Some questions can be split up into subquestions. These are either parallel or nested. Watson has a special framework for subquestions.
First subquestions are recognized. Then they are rewitten into independent questions and offered anew to the Question Answer component.
For example: the question (category: HISTORIC PEOPLE) "The life story of this man who died in 1801 was chronicled in an A&E Biography DVD titled "Triumph and Treason"." can be split into these subquestions:
Q1: This man who died in 1801.
Q2: The life story of this man was chronicled
These are then rewritten to these independent questions:
Q1: (category: HISTORY PEOPLE) "A&E Biography DVD "Triumph and Treason"):
This man who died in 1801."
Q2: (category: HISTORY PEOPLE, 1801): "The life story of this man was chronicled
in an A&E Biography DVD titled "Triumph and Treason"."

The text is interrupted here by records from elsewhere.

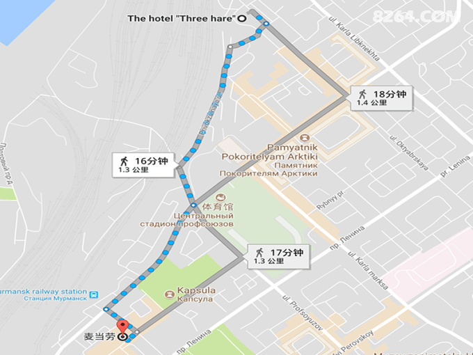 ÉÏͼÖÐ4¸öÓúìÏß±êʾ³öÀ´µÄµã´ÓÉÏÍùÏÂÒÀ´ÎÊÇ£º1£¬°¢ÁÎɳµñÏñ&¶þÕ½¼ÍÄî±®£¨Alyosha£©£»2£¬ÁÐÄþºÅºËÄÜÆÆ±ù´¬£¨The icebreaker Lenin£©£»3£¬ÊÀ½ç×î±±µÄÂóµ±ÀÍ£¨Makdonalds£©£»4£¬ ±±¼« Ȧ³ÇÊÐ×ø±ê±®£¨Pamyatnyy znak na vyezde v gorod£©¡£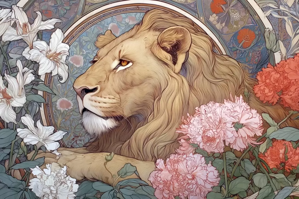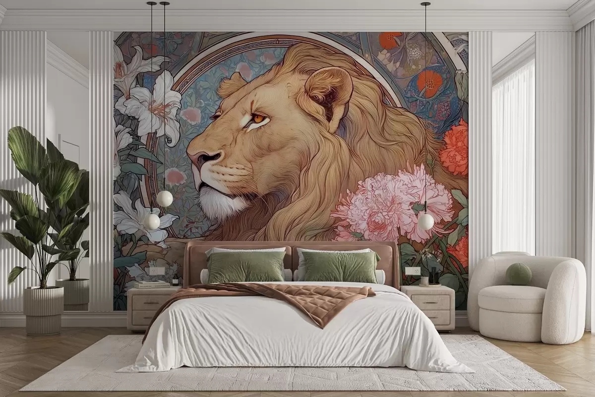 Peintures murales Un lion entouré de nombreuses fleurs dans le style d'Alphonse Mucha Nr. w09073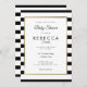 With a classic black and white stripe background, this elegant gender neutral baby shower, sprinkle or couples shower invitation features an elegant faux gold foil border framing your details set in chic typography. Designed by Thisisnotme©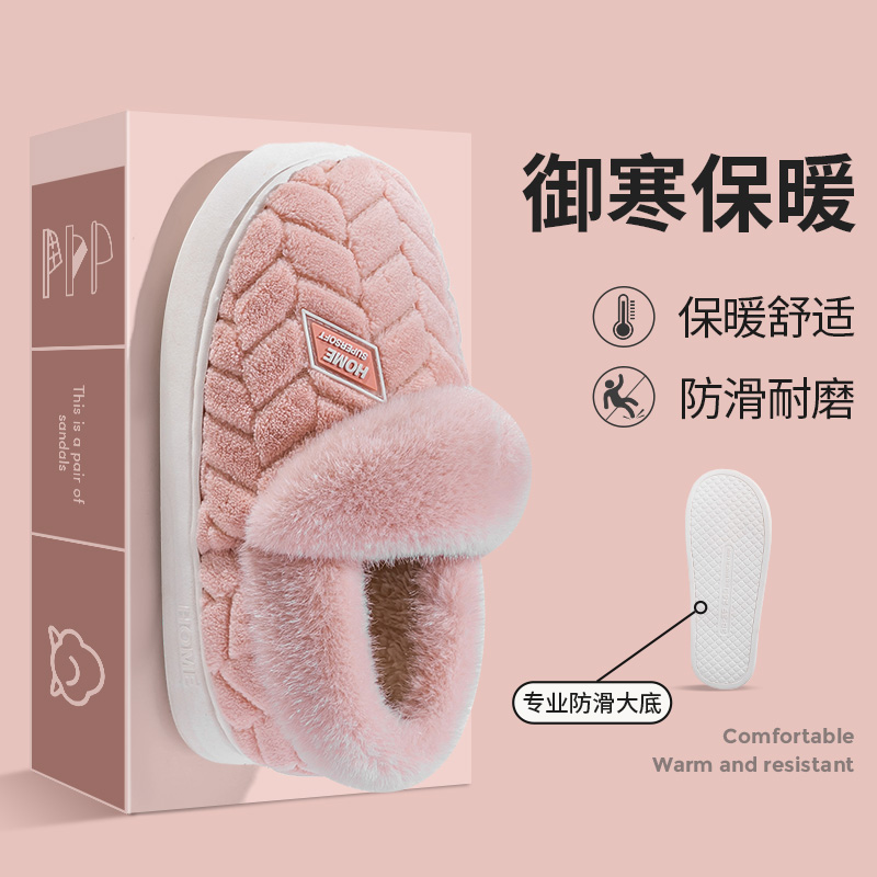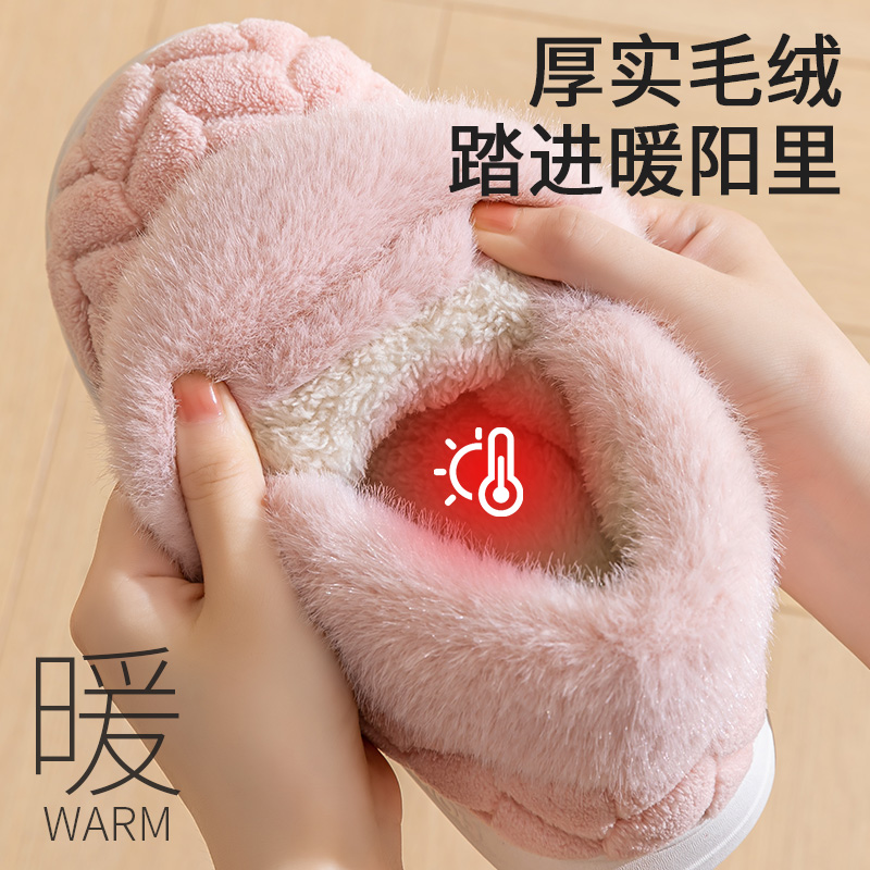 棉拖鞋女士包跟2024新款冬季家居室内厚底防滑保暖毛毛加绒棉鞋男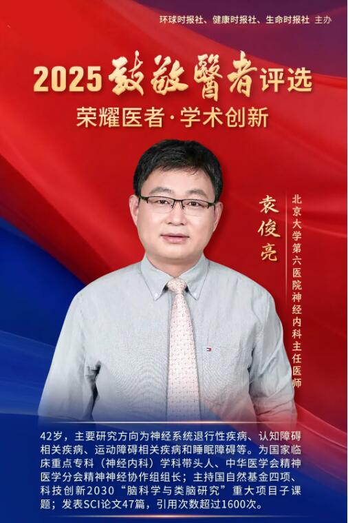 11月28日,由环球时报、健康时报、生命时报联合主办的“2025致敬医者盛典”在人民日报社隆重举行。我校2001级临床医学专业校友、北京大学第六医院神经内科主任、主任医师袁俊亮,凭借其在医学学术领域的杰出贡献,荣获“荣耀医者·学术创新奖”。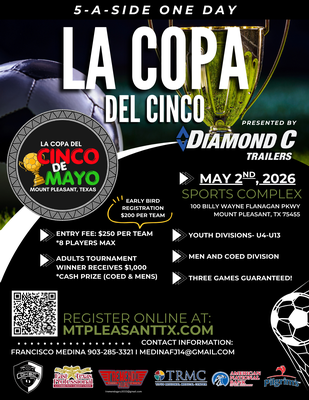 Diamond C Trailers proudly presents the Cinco de Mayo Men's, Co-Ed & Youth Soccer Tournament – an action-packed 5v5 competition where only the best will rise to the top! ⚽💥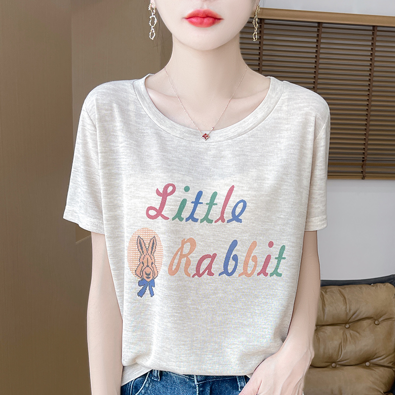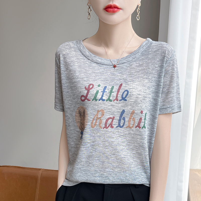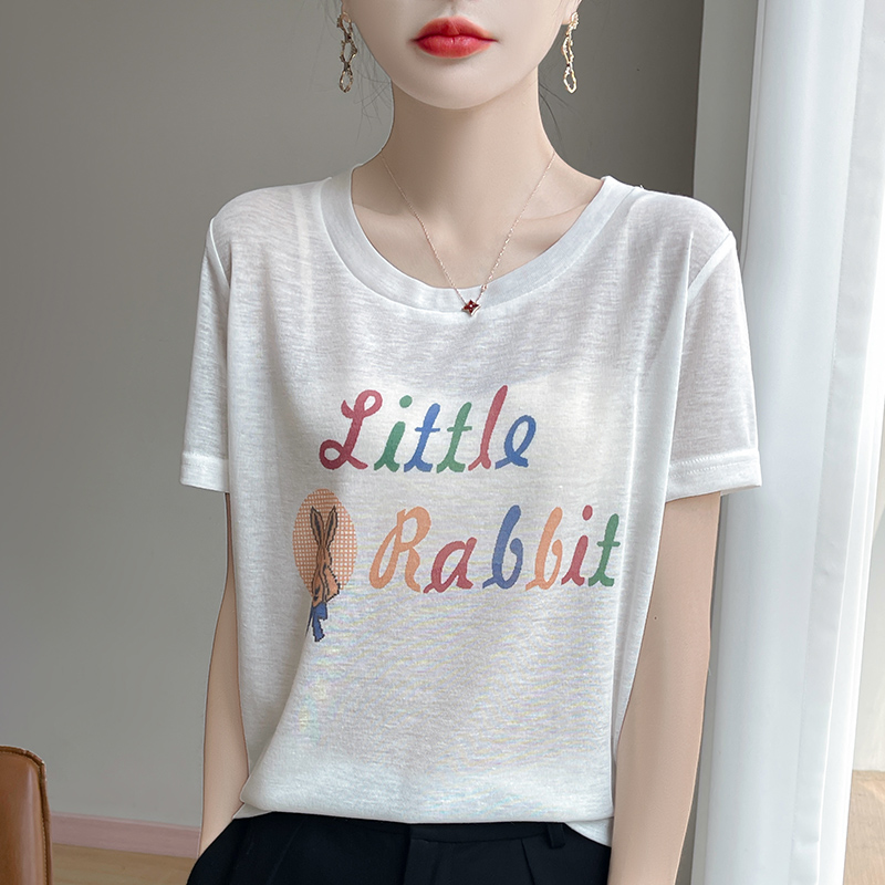 2025夏新款圆领冰丝竹节亚麻薄款短袖针织女高度T恤上衣防晒减龄

Note that the remaining information of the original sentence is added to the subquestion as well, between brackets. This is a contextual hint that helps retrieving most relevant information first.
- Kalyanpur, A. et al (2012) "Fact-based question decomposition in DeepQA"
The research team also provides some articles about the handling of specific types of questions.
- Chu-Carroll, J. et al. (2012) "Identifying implicit relationships"
- Prager, J.M. et al. (2012) "Special Questions and techniques"
Watson uses structured and unstructured sources. Most of these were preexisting, but one source was created for the purpose of Watson explicitly: PRISMATIC. It collects meaningful relations and statistics that it extracts from a large amount of documents. All knowledge sources are used both in hypthoses generation and candidate scoring.
- Chu-Carroll, J. et al (2012) "Textual resource acquisition and engineering"
- Fan, J. et al (2012) "Automatic knowledge extraction from documents"
- Kalyanpur, A. et al (2012) "Structured data and inference in DeepQA"
Studying Watson is fun and interesting, because it is about a real challenge: to build a machine that could beat Jeopardy!, a game that requires an extraordinary amount of knowledge, languages skills, and speed. Watson combines many techniques, both rule-based and statistical, that could be used in other projects as well. Many members of the team have done their best to explain what they've done. The articles are lightened up with examples from the game Jeopardy! They are written in a lively manner, with many interesting details and illuminating diagrams. Watson truly is a landmark piece of natural language processing and of artificial intelligence in general.